Efsaneleşmiş ile Destanlar Içinde Benzerlikler ve Farklar
Destanlar millî bir nitelik taşırken efsaneler millî kalite taşımaz. Doğrusu aynı destana başka bir toplumda rastlanmaz sadece aynı efsaneye başka toplumda rastlanabilir. Destanlar efsaneye gore daha uzun bir oluşum süreci geçirirler. Destanlarda genel anlamda epik şu demek oluyor ki kahramanlık unsurları ağır basarken efsanelerde durum bu şekilde değildir. Destanlar yaşanmış tarihî vakalarla sıkı sıkıya bağlıdır. Efsaneler genel olarak tarihle ilişki içinde değildir. Efsaneler çoğu zaman o yöreye yada o bölgeye aitken destanlar milletin geneline hitap eder. Her iki yazı türünde de öyküleyici ifade kullanılır. Her iki yazı türü de belli bir plan dahilinde oluşmuştur.
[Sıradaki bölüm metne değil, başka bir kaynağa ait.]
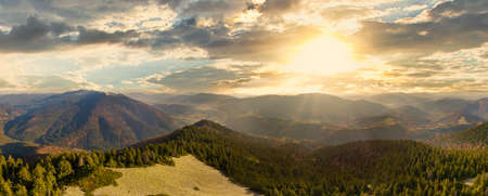 sunset panorama. sunset over a forest in Poland
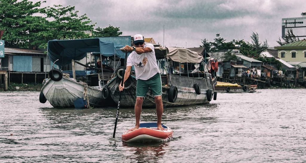 Stand Up Paddling is an ancient practice, born in the Pacific islands where fishermen stood on their pirogues to see fish in the distance and rowed to fight the waves coming out of the reefs. When they came back from fishing, they took advantage of the thrust of the waves using the paddle as a rudder, hence surfing. Traces of this can also be found in Africa, over 2,500 years ago, where fishermen used flat boats with bamboo poles as a paddle both in rivers and at sea.

Günümüzde efsaneler şiir, müzik, fotoğraf, heykel, bale, opera, beyazperde, tiyatro benzer biçimde uygar sanatlar için varlıklı bir kaynak oluşturur. Efsaneler, milletlerin hayatlarında kişileri iyiye güzele yönlendiren, ara sıra olaylardan ders çıkarmak yöntemiyle topluma yararlı iletiler veren, toplumun geleneksel değerlerini ele alıp onları korumuş olan yapıcı, yönlendirici fonksiyonları olması sebebiyle oldukça mühim yazınsal türlerden biridir.